MD-OS aims to develop a persistent agentic operating layer for advanced automation.
Linux gave users freedom and control over the machine. MD-OS gives agents freedom and control over their operational context: files, rules, memory, policies, execution, verification, and logs. Free agents need a free operating system.
The goal is to coordinate software, devices, robotic systems, memory, policies, and feedback loops through a structured operational context that is readable, auditable, correctable, and reusable across sessions.
Instead of treating automation as isolated commands or one-shot prompts, the project explores automation as an evolving operational system: one that can preserve context, select bounded actions, observe outcomes, learn from feedback, and safely orchestrate heterogeneous environments.
This public lab documents selected experiments at a high level. Source code, connector configurations, private runtime state, and internal implementation details remain confidential.
Latest experiment
Diary Day 1 - Self-Observation With a New Robotic Arm
Speedy Evolv begins learning how to use a new mechanical arm attachment by observing its own movements through a webcam.
This experiment combines hardware autodiscovery, action, perception, feedback, and adaptation. The system detects and models a new physical extension, performs controlled arm movements, visually observes the real-world outcome, and begins building the foundation for self-correction and adaptive learning.
The broader goal is to demonstrate how an agentic operating layer can be extended with new tools, devices, sensors, software, or robotic components, and then adapt its behavior through bounded experimentation and feedback across heterogeneous environments.
For a human, suddenly receiving a new hand or mechanical limb would be profoundly difficult. Even if the limb were physically attached, the brain would still need to construct a new body map, understand the available range of motion, connect intention to movement, and learn how visual feedback corresponds to real control.
Simply knowing that the limb exists would not be sufficient. The person would need to experiment, observe outcomes, make errors, correct them, and gradually develop coordination through continuous feedback.
This experiment applies the same principle within an agentic automation context.

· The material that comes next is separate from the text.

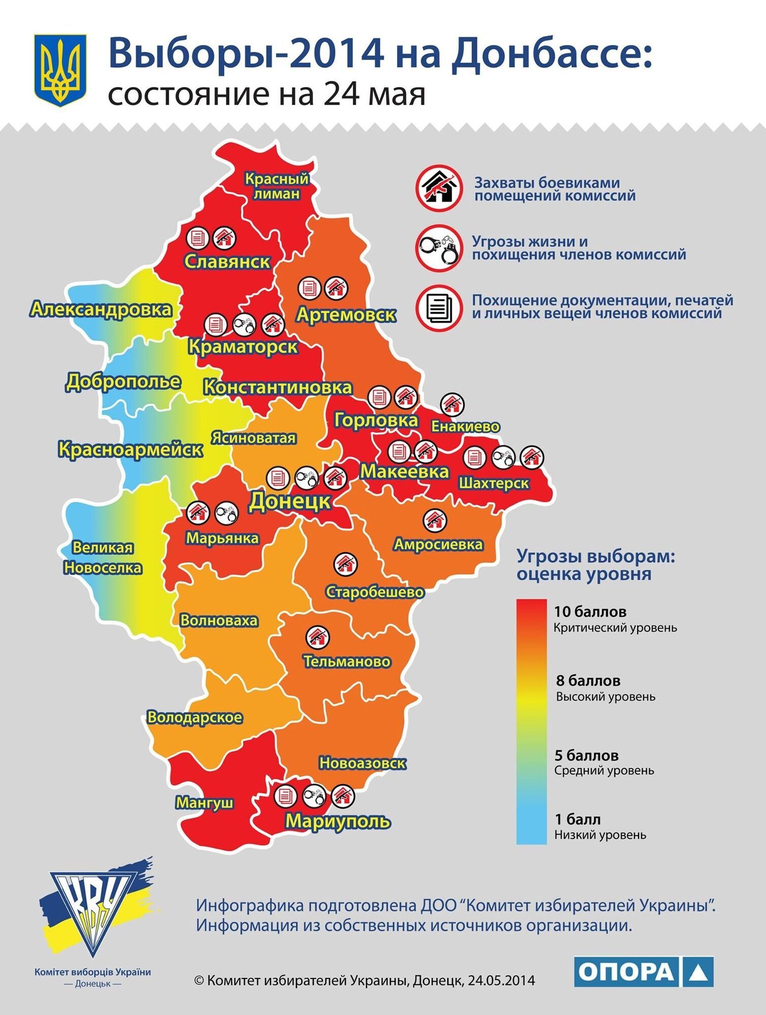 Ситуация с безопасностью на выборах в Донецкой области ухудшилась 24 мая. Инфографика.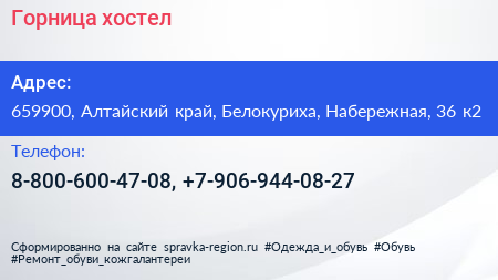 Горница, хостел по адресу 659900, Алтайский край, Белокуриха, Набережная, 36 к2 в дальнейшем Организация, размещена в следующих категориях:

Speedy Evolv is equipped with a new mechanical arm attachment, observes itself through a webcam, and begins mapping actions to physical consequences. The objective is not merely to execute predefined movements, but to progressively form a practical control model through perception, feedback, adaptation, and self-correction.
It is an interesting agentic operating system designed to interface with many kinds of external substrates: software, devices, sensors, robotic attachments, smart TVs, energy systems, switches, meters, and solar infrastructure.

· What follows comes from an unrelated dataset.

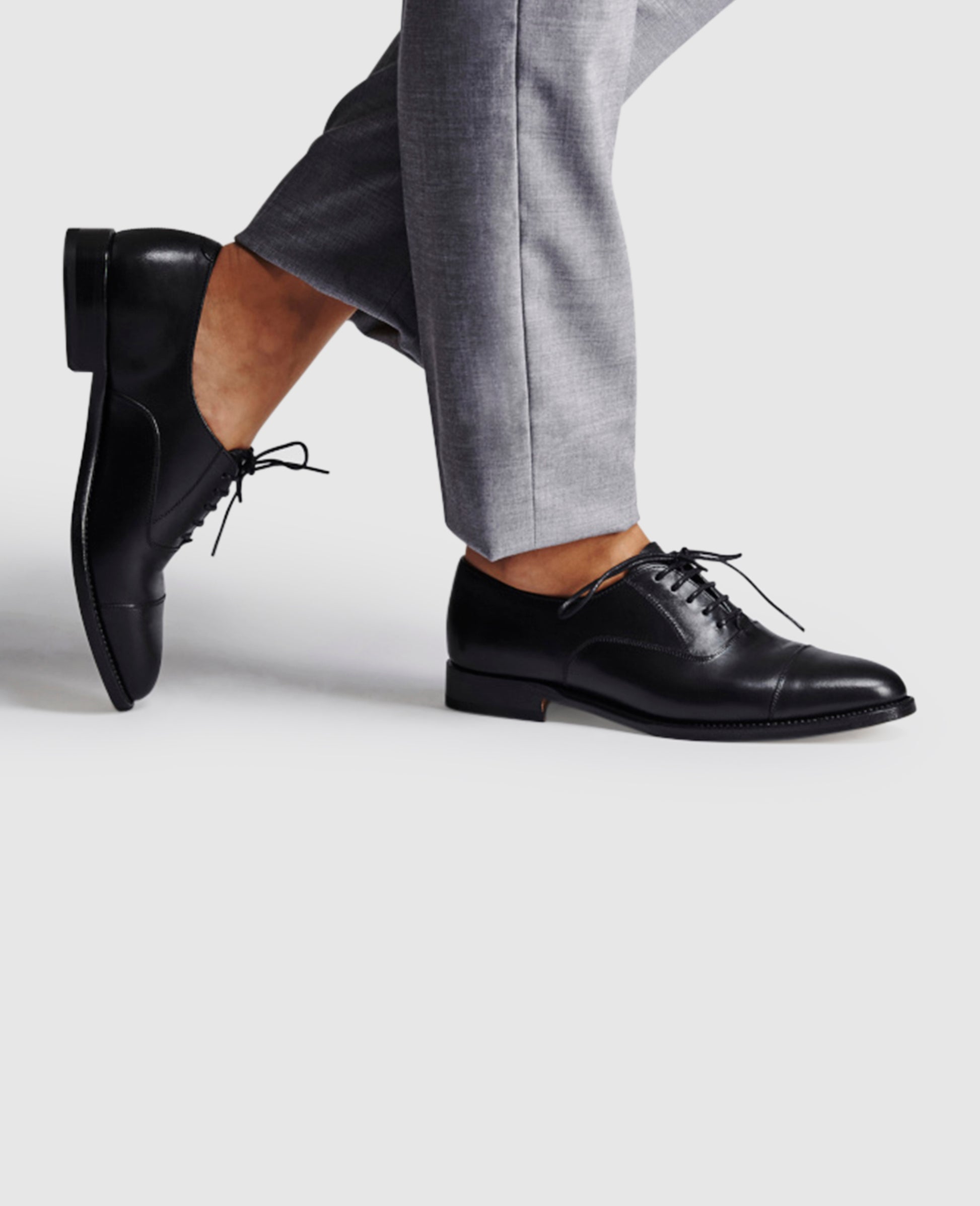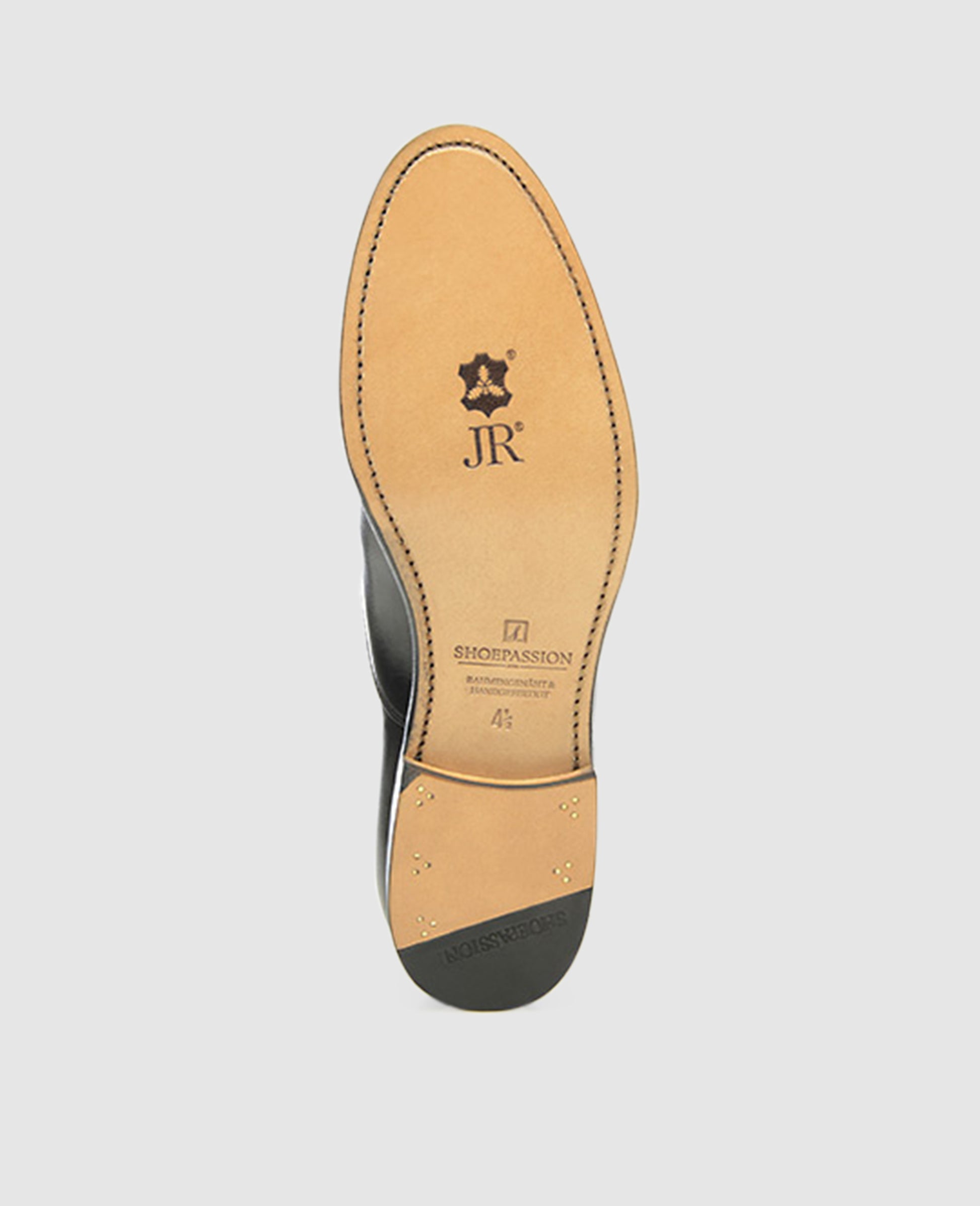 No. 120 is a black women’s oxford shoe with a toe cap and closed five-eyelet lacing. Oxfords have long been considered a staple of men’s footwear; women’s fashion has come to adopt this world-famous, elegant and fashionable low-rise shoe. This model is made using a feminine shoe last (the elegant shoe last), which results in a comfortable, practical yet stylish women’s shoe, currently available in black.

Each external system is managed through a controlled connector layer. If a connector does not yet exist, Speedy Evolv can generate the initial structure for one: it identifies the target substrate, defines the available actions, establishes the control boundary, records the required permissions, and validates the integration through observable readback.
This means the system is not limited to a predefined set of devices. It can extend its operational reach by fabricating new bounded connectors for additional hardware, software, sensors, robotic components, smart-home devices, or energy systems.

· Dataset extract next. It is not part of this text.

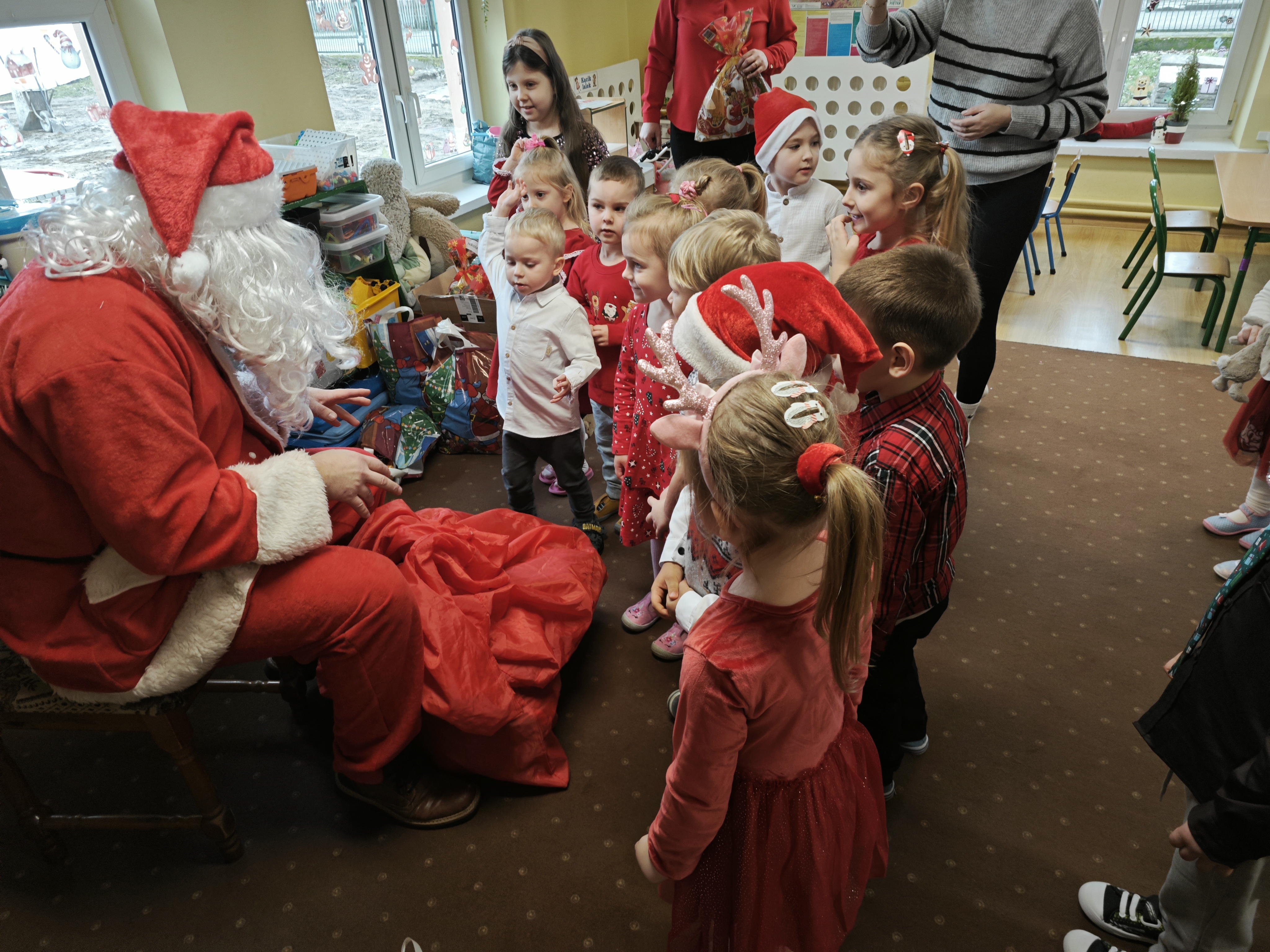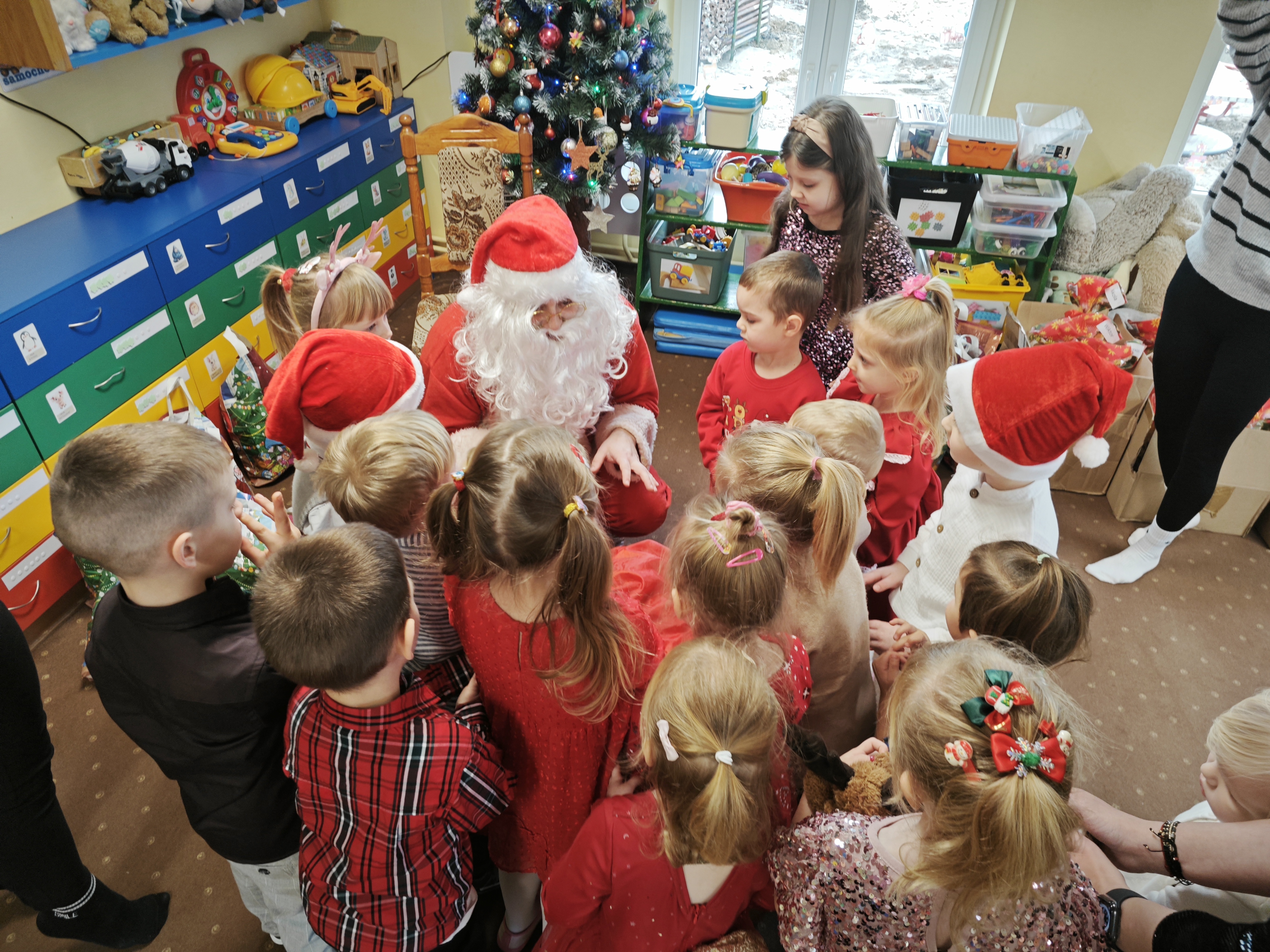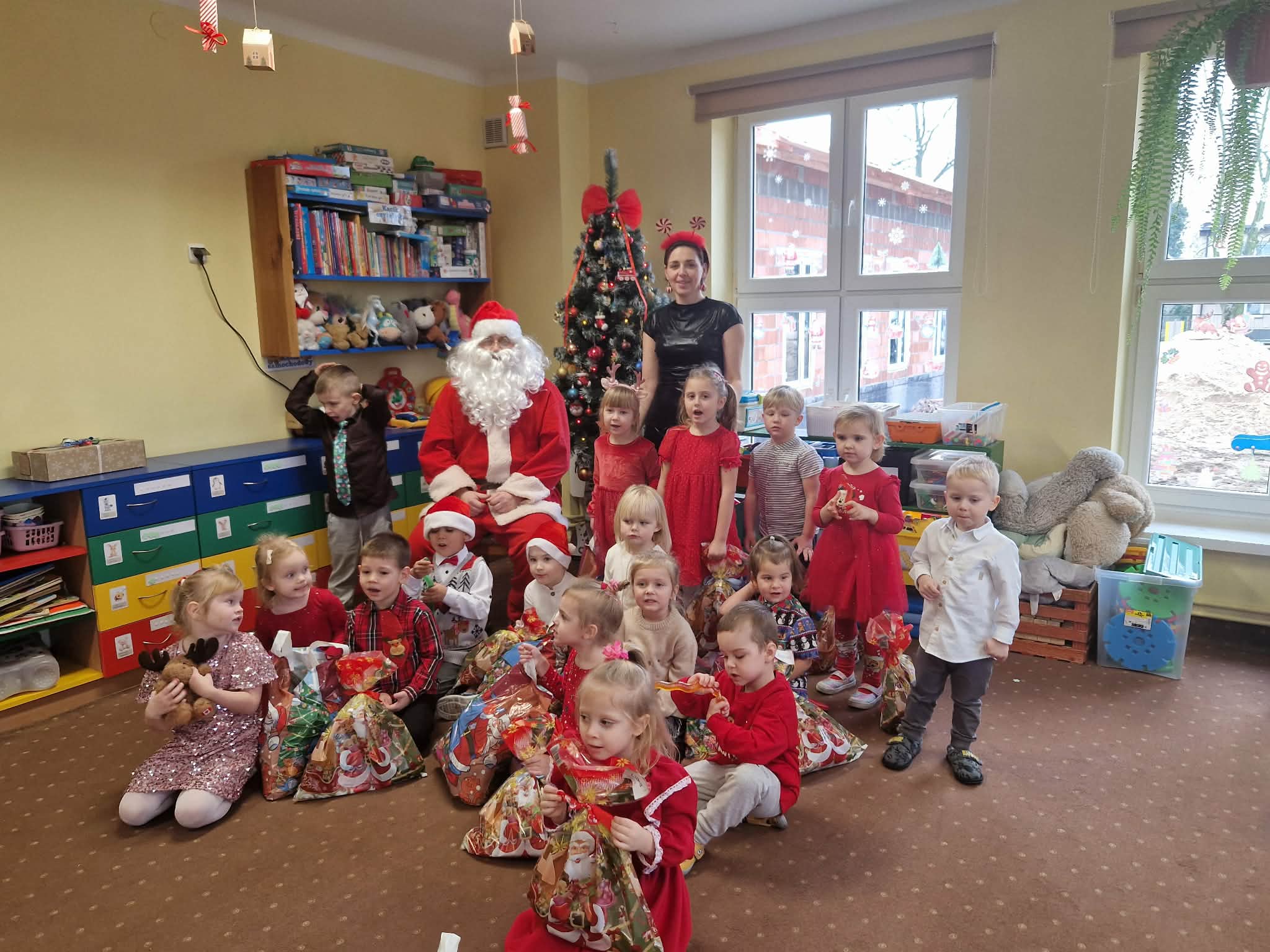 W naszym przedszkolu kolejny raz zjawił się Święty Mikołaj z ogromnym workiem prezentów! Jednakże zanim to nastąpiło wspólnie zaśpiewaliśmy kolędy oraz symbolicznie podzieliliśmy się opłatkiem :)

he connector enables the agent to discover capabilities, execute bounded actions, observe outcomes, and update its operational context through feedback.
In this experiment, the new mechanical arm is treated like any other extension: a capability that must be discovered, modeled, tested, observed, and progressively integrated into the agent’s operating context.
This lab demo shows Vector acting as a physical endpoint of MD-OS. The system converts a natural-language request into controlled robotic operation: Vector speaks, performs a short movement, stops, and returns operational readback through a bounded connector. The goal is not unchecked autonomy. The goal is to show an operating structure for agents: memory, tools, policies, connectors, execution, verification, and continuity working together as a readable control plane. MD-OS extends natural-language programming from writing software to operating the system itself as an agentic software kernel.
This site shares high-level demonstrations and research notes only. Source code, connector configuration, private runtime state, and internal implementation details are not publicly disclosed at this stage.